_REQUIREMENT_.
Everything from the line with "大きな本棚が連なる開放的な図書館スペースと、静かに美術作品と向き合える展示室。" to the end of the data below, both lines included, should be transcribed exactly; please omit the pictures.

_DATA PROVIDED_.
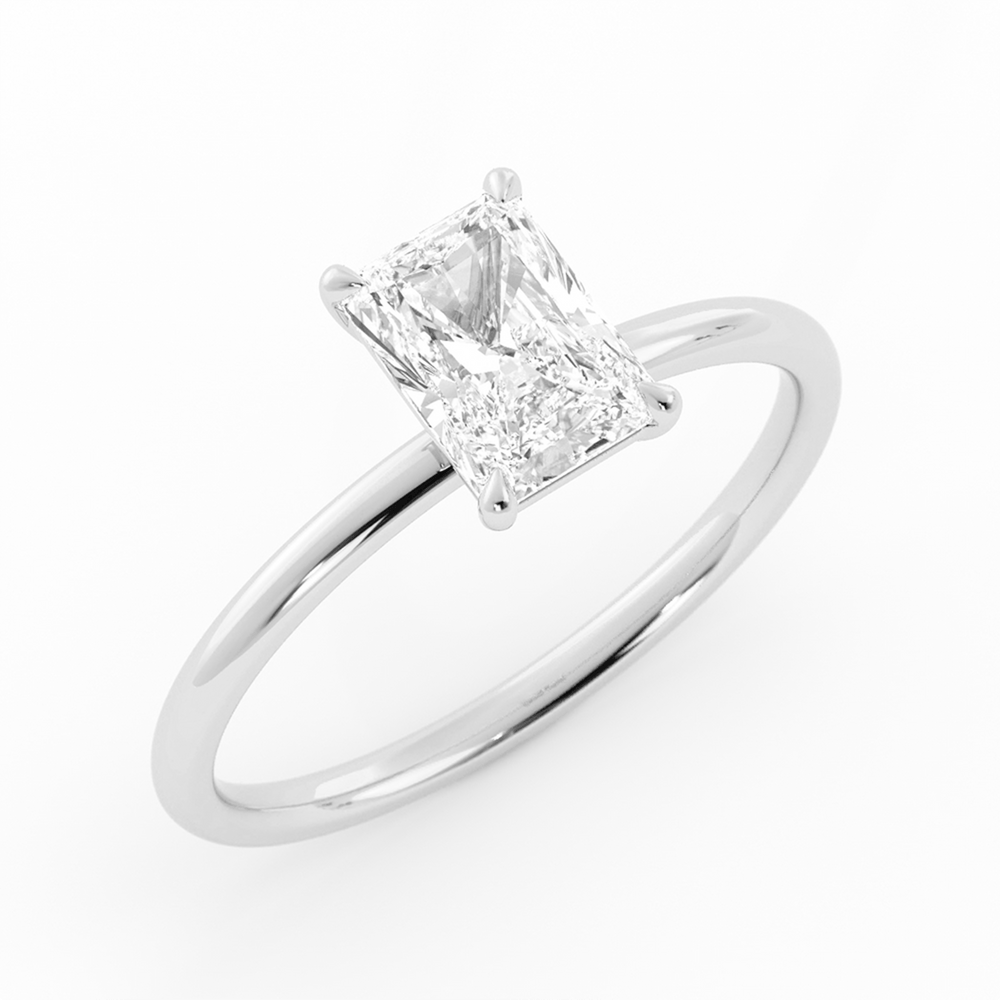 Bold brilliance meets refined elegance in the Jade 1ct Radiant-Cut Lab-Grown Diamond Engagement Ring from the Simply Solitaire Collection. Showcasing a stunning 1-carat radiant-cut lab-grown diamond, this ring is designed to maximize sparkle with its beautifully faceted shape. Secured with four delicate claw prongs, the center stone is elevated, allowing light to enhance its fire and brilliance.
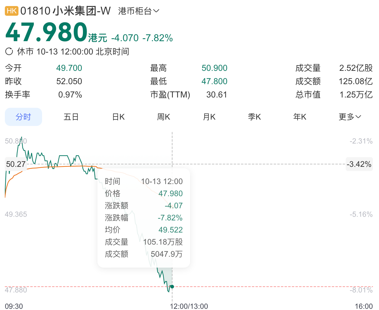 小米SU7的安全問題備受關注。官方沉默,與資本市場反應鮮明對比。截至10月13日午盤,小米集團(01810.HK)股價跌7.82%,報47.98港元/股。
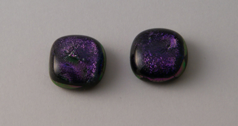 This pair were made for a friend to show her how easy glass jewellery was to make - two pieces of soft ripple purple dichroic topped with clear glass.
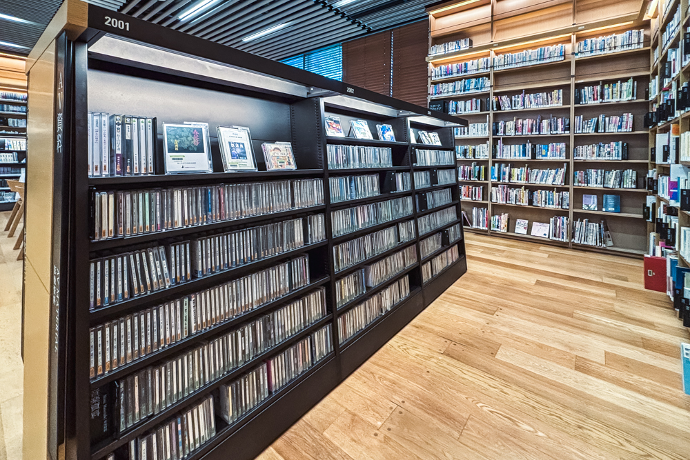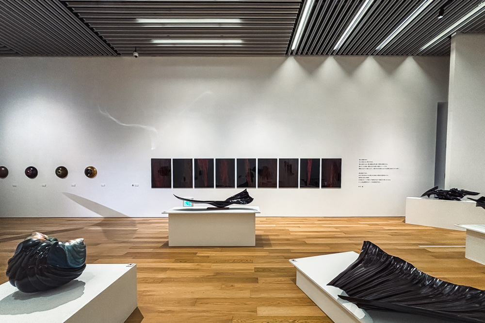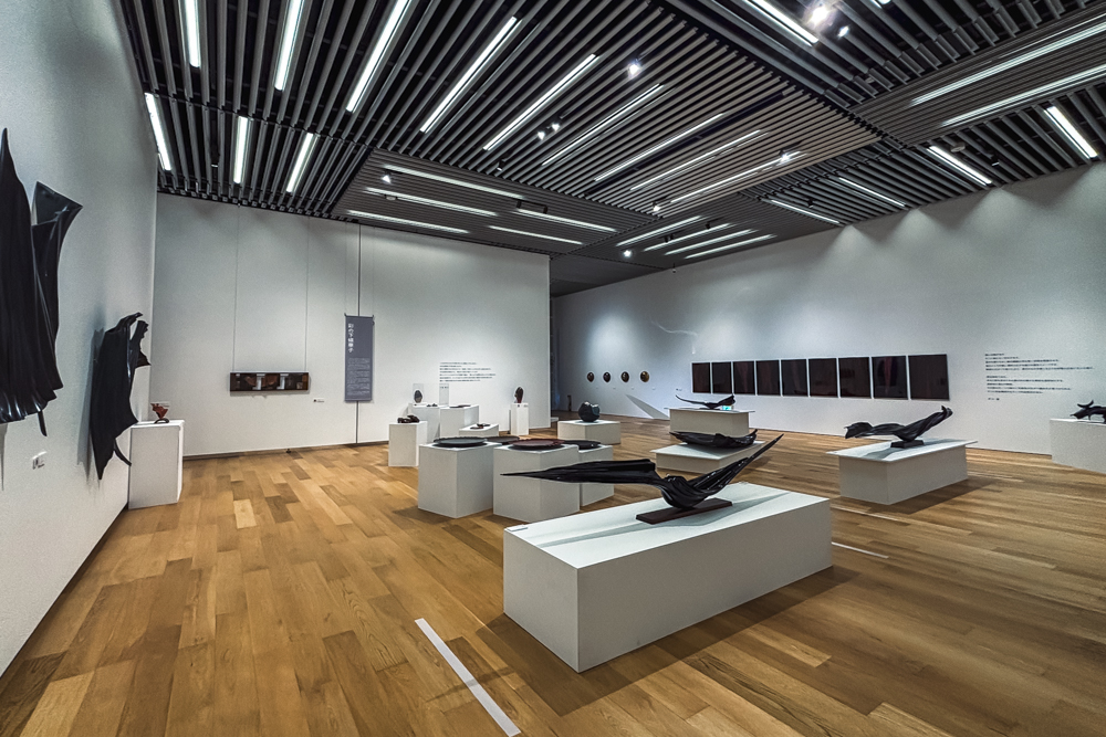大きな本棚が連なる開放的な図書館スペースと、静かに美術作品と向き合える展示室。
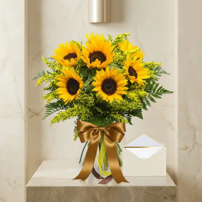 🛵 Compra con total confianza. Nos encargamos de que tus flores a domicilio lleguen en perfectas condiciones y justo a tiempo para sorprender. Enviar girasoles a domicilio nunca fue tan fácil y seguro. ¡Solo elige este hermoso ramo y nosotros nos encargamos del resto

_WRITTEN RESPONSE_.
大きな本棚が連なる開放的な図書館スペースと、静かに美術作品と向き合える展示室。
 🛵 Compra con total confianza. Nos encargamos de que tus flores a domicilio lleguen en perfectas condiciones y justo a tiempo para sorprender. Enviar girasoles a domicilio nunca fue tan fácil y seguro. ¡Solo elige este hermoso ramo y nosotros nos encargamos del resto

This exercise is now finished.